Мужчины взяли белье и собрались идти в баню. Дмитрий задержался в дверях, сказал нерешительно:
— Надо бы позвать Иважа, пусть попарится перед уходом из дома.
— Позову, — тихо ответила Марья. — Возьму его с собой, сама помою... Идите скорее, чего толчетесь в избе! — сердито добавила она и расплакалась.
Мужчины ушли. Она опустилась на лавку перед печью и закрыла лицо передником. Ей было жаль отпускать сына. Жить в чужих людях и далеко от дома не лучше, чем пасти стадо.
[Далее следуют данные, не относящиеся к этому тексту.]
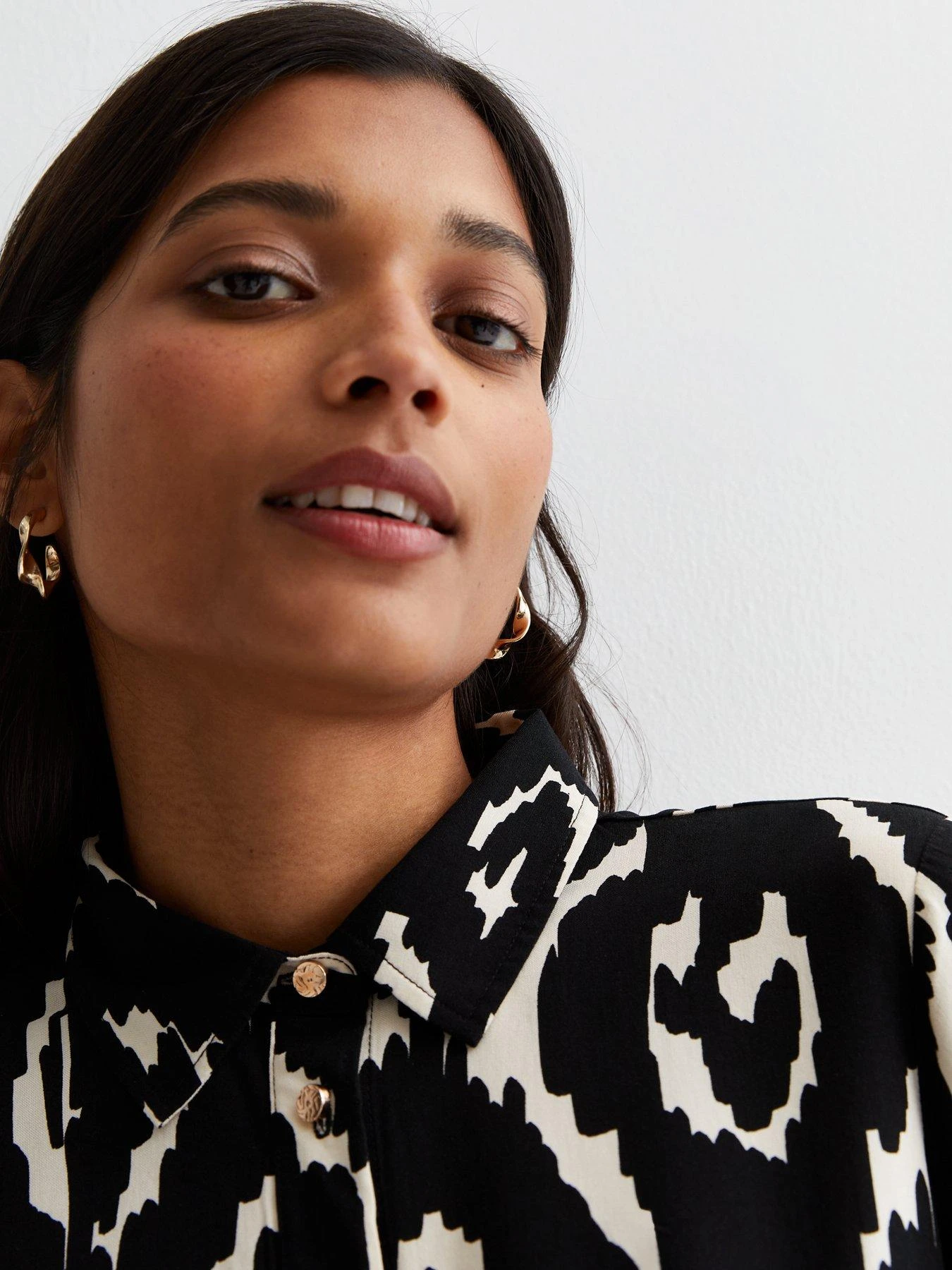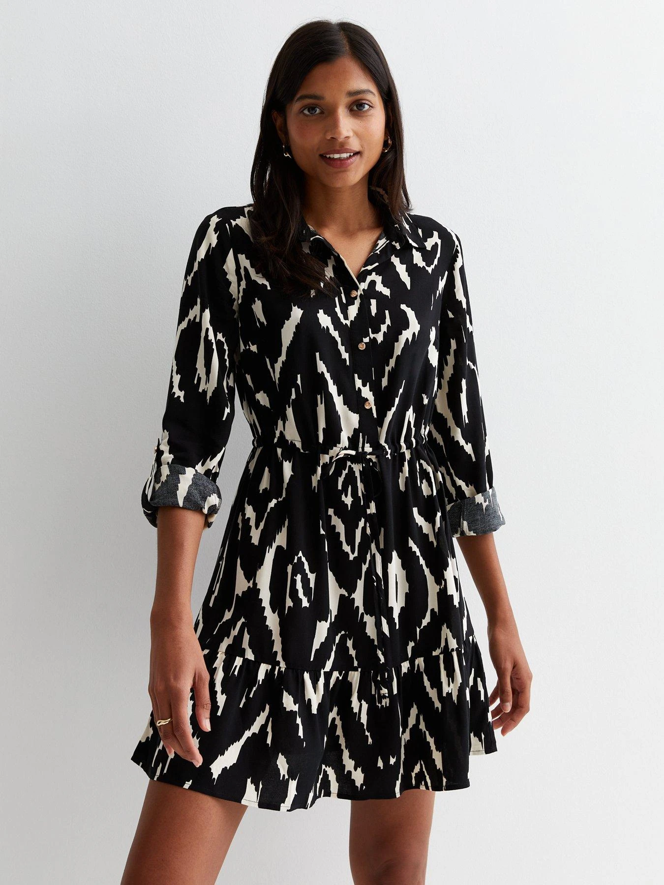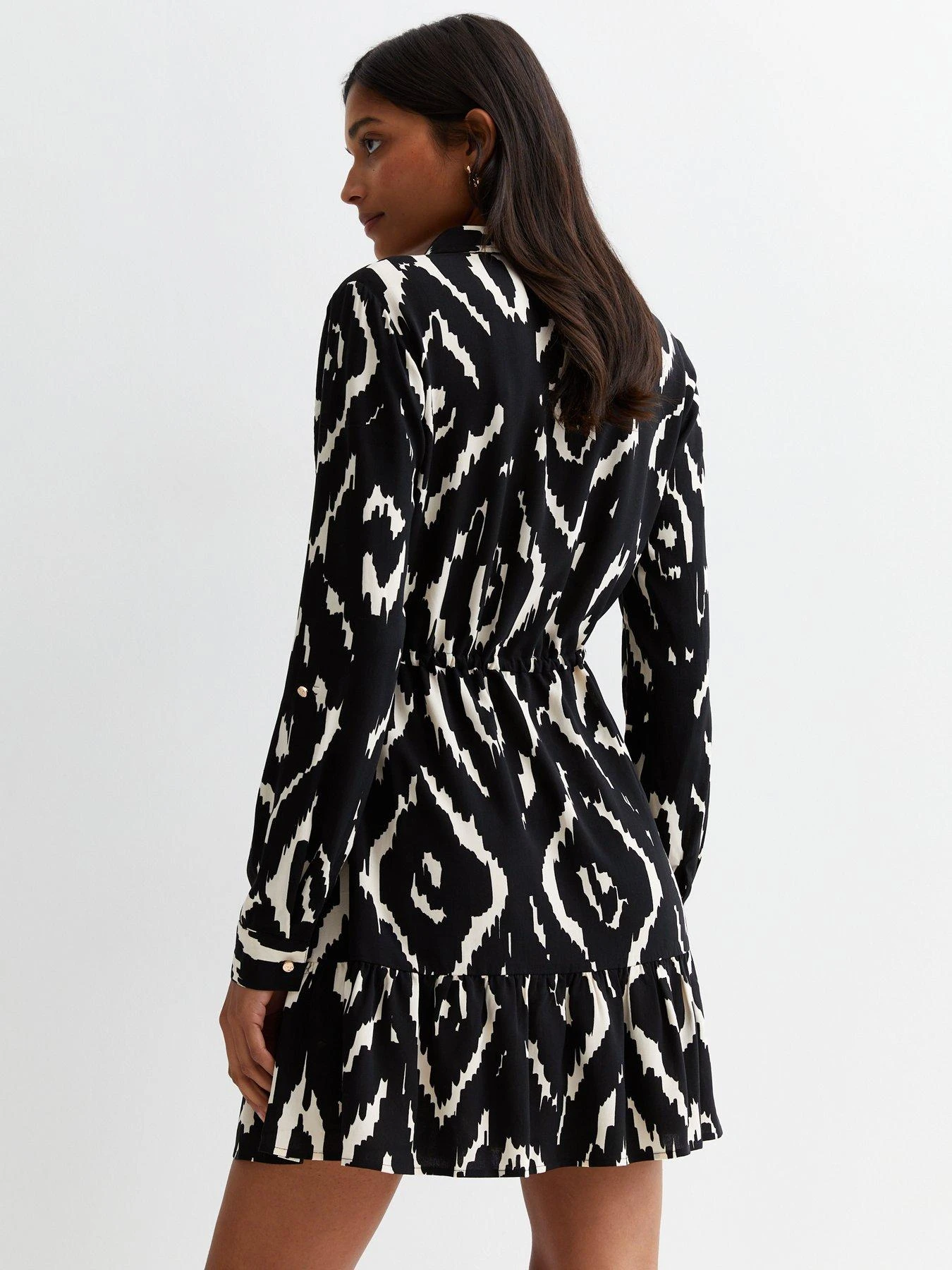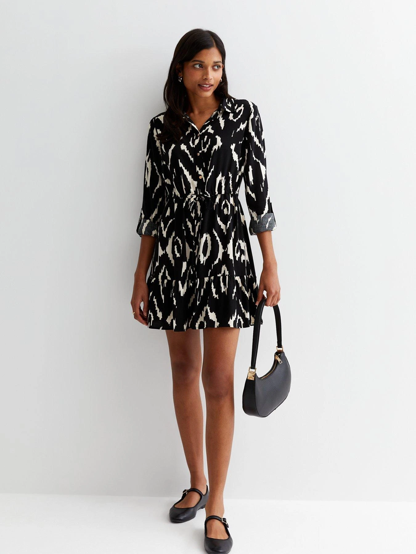 New Look Black Abstract Print Tiered Mini Shirt Dress

Здесь над ним хозяин — один Охрем, там — будет всякий, кому не лень, и каждый сможет его обидеть. Дед Охон и сам не раз рассказывал, каково работать у богатых людей. Сначала наблюдают за тобой, как ты работаешь, потом — смотрят, сколько съешь.
Фима слезла с коника, подошла к матери, принялась стаскивать с ее лица передник.
— Мама, чего ты плачешь?
— Ой, доченька. Уйдет Иваж, в город уйдет.
Фима уставилась бусинками глаз на окно, посмотрела куда-то далеко-далеко, туда, где небо сходится с землей, и робко спросила:
— Там тоже есть сердитый домовой?
— Там, доченька, нет домового.
— Тогда отчего же плачешь, коли там нет домового, ведь Иважа никто не съест?
Марья улыбнулась сквозь слезы, опустила передник и, схватив девочку на руки, принялась целовать ее.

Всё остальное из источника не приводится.